A right-angle microprism window chronically implanted into the brain enables simultaneous imaging of multiple cortical layers, including layer V, and has previously been used in other optical microscopy modalities [25,26,27]. Furthermore, the microprism implantation has been shown to cause manageable damage and to be effective for long-term application in mouse brains. However, simultaneous imaging of the superficial cortex and entire cortical columns has not been reported. In addition the chronic microprism window only covers cortical layers, but fails to further image the hippocampus. To extend the imaging depth to the hippocampus, the volume of the microprism inevitably increases, leading to more damage in mouse brains.
In this study, we propose a novel method, which combines wide-field microscopy and chronic microprism windows, to simultaneously observe the whole superficial cortex and deep brain regions. We first implanted the microprism window into mouse brains after craniotomy to improve the imaging depth to 1 mm.

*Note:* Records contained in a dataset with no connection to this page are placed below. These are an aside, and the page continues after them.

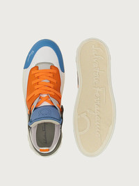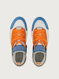 This one is a slam dunk! Basketball sneaker with an innovative construction made from soft, luxurious Italian nappa leather. The contrasting colors on the upper add a bold touch, while the inner sock in technical fabric adds a futuristic appeal. Dynamic and fresh, this shoe works well with casual looks or to bring a touch of street style to smart pants. - Composition: Nappa leather - Made In ITALY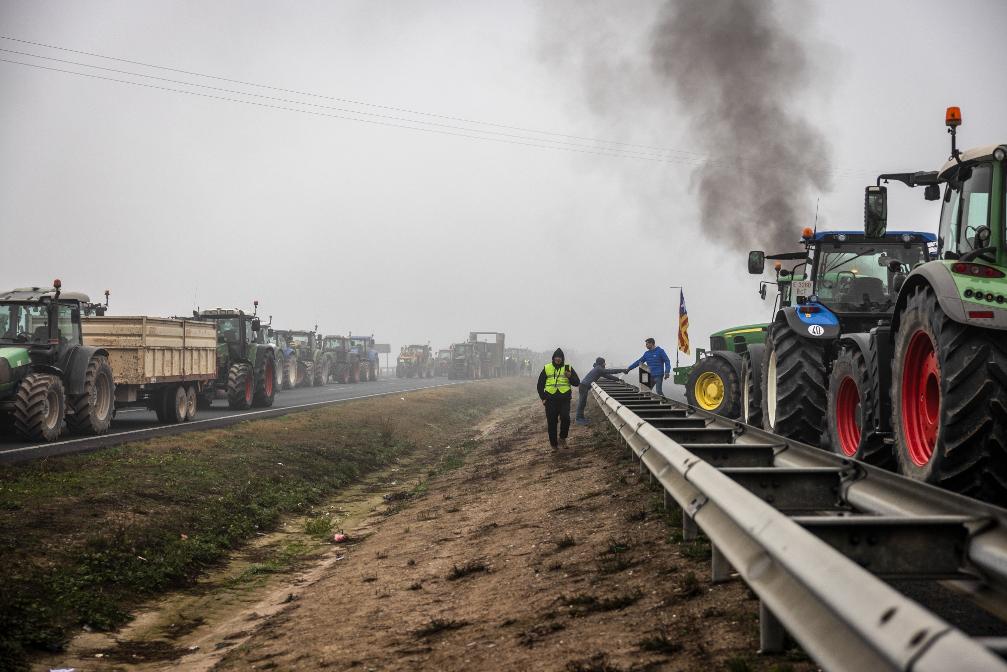 2月6日,西班牙农民在Fondarella举行抗议活动,封锁A2高速公路。摄影师:Angel Garcia/Bloomberg极右翼、欧洲怀疑论政党正试图抓住这一点。农民与民族主义政党在移民问题上存在分歧,因为他们需要获得移民劳工,但在反对雄心勃勃的绿色政策方面,两者似乎持相同立场,这是根据佛罗伦萨欧洲大学研究所比较政治学教授西蒙·杰里米·希克斯的观点。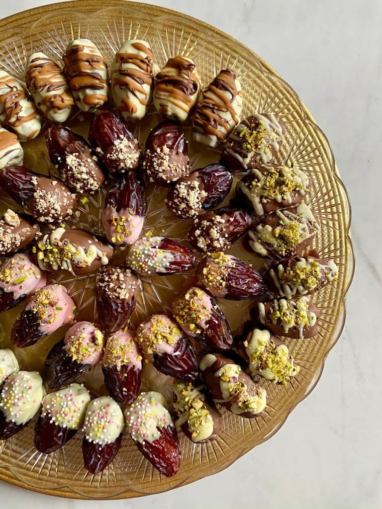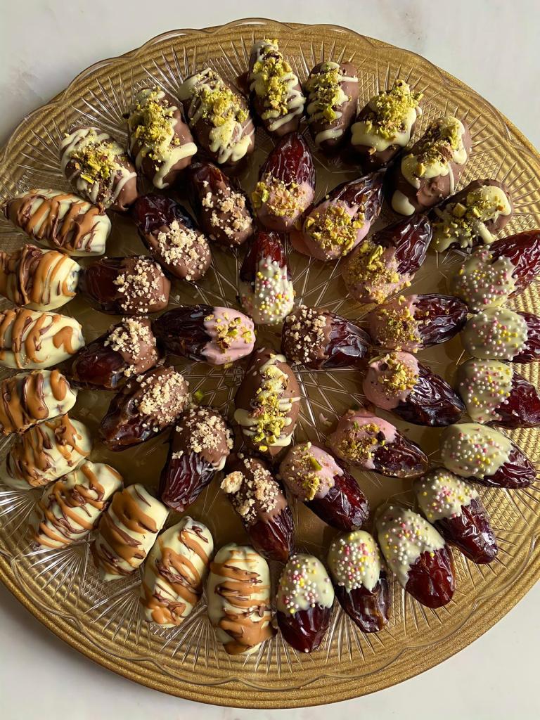 Medjool dates are the best to use for this since they are large in size and I find they’re taste best complements chocolate. The first step is to prep the dates by washing and de-seeding them, once you have done that you can fill it with the nut of your choice; I prefer to use almonds. After they have been filled comes the fun part; decorating! I used both milk and white chocolate to cover some of the dates completely and some of them partially. I also added a little food colouring to the white chocolate to have some pink ones. I then sprinkled them from a selection of pistachios, biscuit crumbs, rainbow sprinkles, nutella and biscoff drizzle. Last year I added cornflakes to the chocolate mixture to give the dates a crunchy chocolaty coating, which was also super yummy. You can pretty much use whatever so feel free to go wild!

Then, we utilized a multi-planar imaging strategy to compensate for the depth difference between the superficial cortex and deep tissues, achieving simultaneous imaging of the superficial cortex and deep longitudinal tissue. To further improve the imaging depth to 1.5 mm with minimized brain damage, we designed a rectangular trapezoidal microprism, providing an imaging depth from 0.5 to 1.5 mm. The results show that our technique was able to image the cellular structures of microglia in the superficial cortex and deep tissues. Furthermore, we performed simultaneous imaging of dynamic neuronal activities in the superficial cortex and the tissue at different depths in the process of anesthesia and recovery from isoflurane and propofol.
2. Materials and Methods
2.1. Strategy of Multi-Planar Imaging
A schematic diagram of simultaneous multi-planar brain imaging is shown in Figure 1a,b. Firstly, after removing the skull of the mice, we made an incision in the mouse brains with approximately 1-mm width and 1.5-mm depth, and inserted a cranial window (1 mm × 1 mm × 1 mm microprism or 1 mm × 1 mm × 1.5 mm rectangular-trapezoidal microprism) into the brain. The right-angle microprism provides the imaging depth from 0 to 1 mm, and the rectangular trapezoidal microprism provides the imaging depth from 0.5 to 1.5mm. The slant surface of the microprism reflects the longitudinal cortex tissue to the horizontal plane, and the image of the longitudinal tissue is ΔD below the superficial cortex. For simultaneous imaging of the longitudinal plane and superficial cortex, we placed a refractive medium on the coverslip to shift the longitudinal plane to the superficial cortex. Based on Snell’s Law, we derived the relationship between the distance difference ΔD and the thickness of the refractive media Dr as [28] Dr = ΔDno/(no − ni), where ni is the refractive index of the imaging plane and no is the refractive index of the air. Assuming a dry objective is used for detection at a wavelength around 515 nm, we estimated the refractive indices as ni = 1 and no = 1.5 for glass. The ΔD was 1 mm for the right-angle microprism and 1.5 mm for the rectangular-trapezoidal microprism (Figure 1c), so we placed an additional glass column with thickness 2 mm and 3 mm for each case.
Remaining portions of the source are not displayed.